Près d'un enseignant sur deux déclare un épuisement émotionnel fort selon les derniers baromètres. Ce n'est pas qu'un ressenti individuel : c'est un phénomène documenté, avec des causes identifiées et des dispositifs d'aide qui existent, mais restent trop peu connus.

Mis à jour juillet 2026

Ce n'est pas un sujet qu'on aborde en préparant le CRPE, et pourtant il mérite d'être connu avant de s'engager dans ce métier, pas découvert brutalement des années plus tard. L'épuisement professionnel touche l'enseignement de façon documentée, avec des chiffres qui ont de quoi interpeller.

En parler ouvertement, avec des données précises plutôt qu'un tabou, permet aussi de mieux connaître les dispositifs qui existent réellement pour prévenir et accompagner cette usure, souvent méconnus des enseignants eux-mêmes.

L'ampleur du phénomène, en chiffres

Selon un baromètre de l'Observatoire Ecolhuma réalisé en février 2026 auprès de 1 000 enseignants, 50,1 % des répondants présentent un score d'épuisement émotionnel fort. D'autres études antérieures situaient la proportion d'enseignants en burn-out entre 17 % et 28,7 %, selon les critères de mesure retenus. Ces écarts s'expliquent par des méthodologies différentes, mais convergent sur un constat : la souffrance professionnelle touche une part significative, pas marginale, du corps enseignant.

Le ministère documente également ce sujet dans le cadre de sa politique annuelle de prévention des risques professionnels, publiée chaque année sur education.gouv.fr.

Ce qui explique cette usure professionnelle

Les facteurs identifiés se recoupent largement d'une étude à l'autre : une pression constante liée aux attentes multiples (institution, parents, élèves), une charge de travail réelle largement supérieure au seul temps de classe (voir notre article sur le quotidien réel du métier), et un sentiment fréquent de manquer des moyens nécessaires pour bien faire son travail, plutôt qu'un manque de motivation ou d'engagement personnel.

Le SNUipp-FSU, syndicat majoritaire dans le premier degré, résume cette tension par la formule d'un métier "épanouissant", mais freiné par des obstacles structurels qui empêchent d'exercer sereinement, plutôt qu'un problème individuel isolé.

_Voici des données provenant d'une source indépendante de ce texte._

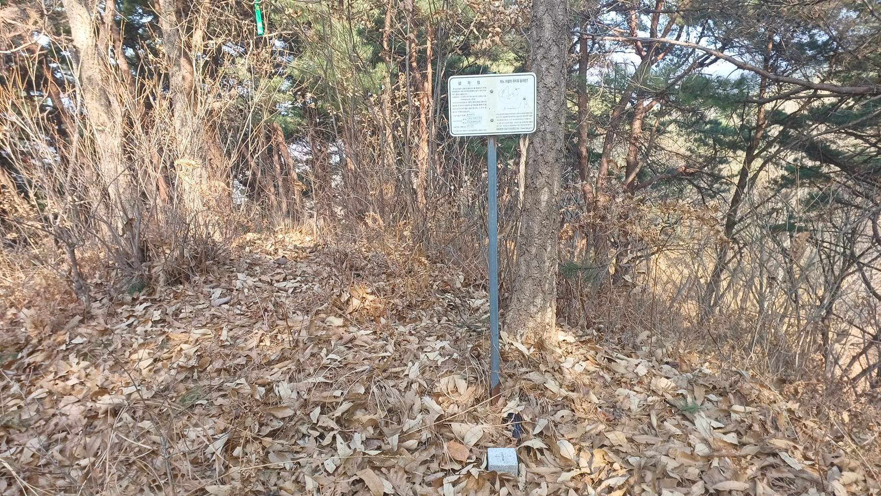 관창봉이 보이는 좌측 낙엽이 쌓인 비탈진 산사면길로 올라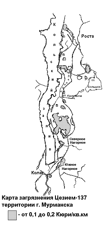 По данным радиологической лаборатории Государственного центра Госсанэпиднадзора Мурманской области и лаборатории окружающей среды ремонтно-технологического предприятия “Атомфлот” в наблюдаемой зоне этого предприятия (поселок Роста) содержание искусственных радиоактивных веществ (цезия-137, стронция-90) в почве, растительности, снеге, атмосферных осадках не превышает фоновых величин.

Les signes qui doivent alerter

Fatigue qui ne se résorbe plus avec le repos habituel, perte progressive de motivation pour des tâches auparavant investies avec plaisir, irritabilité inhabituelle, troubles du sommeil récurrents : ces signaux, pris isolément, peuvent sembler anodins, mais leur accumulation et leur durée dans le temps sont les indicateurs à surveiller, davantage qu'un épisode ponctuel de fatigue.

Les organisations professionnelles du secteur insistent sur un point : ne pas attendre l'épuisement complet pour solliciter de l'aide. Plus la démarche est engagée tôt, plus les leviers d'action (aménagement du poste, accompagnement médical, temps partiel thérapeutique) sont efficaces et faciles à mettre en place. Attendre un épuisement complet réduit au contraire fortement la marge de manœuvre disponible, et allonge d'autant la durée nécessaire pour s'en remettre.

Les dispositifs d'aide qui existent vraiment

Le premier réflexe recommandé, y compris par les syndicats plutôt critiques envers l'institution sur ce sujet : consulter son médecin traitant et le médecin de prévention de son académie, dont le rôle est justement d'identifier tôt les signes de risques psychosociaux et d'orienter vers les dispositifs adaptés. Le service social en faveur des personnels, présent dans chaque académie, peut également accompagner une situation de souffrance au travail, au-delà du seul accompagnement médical.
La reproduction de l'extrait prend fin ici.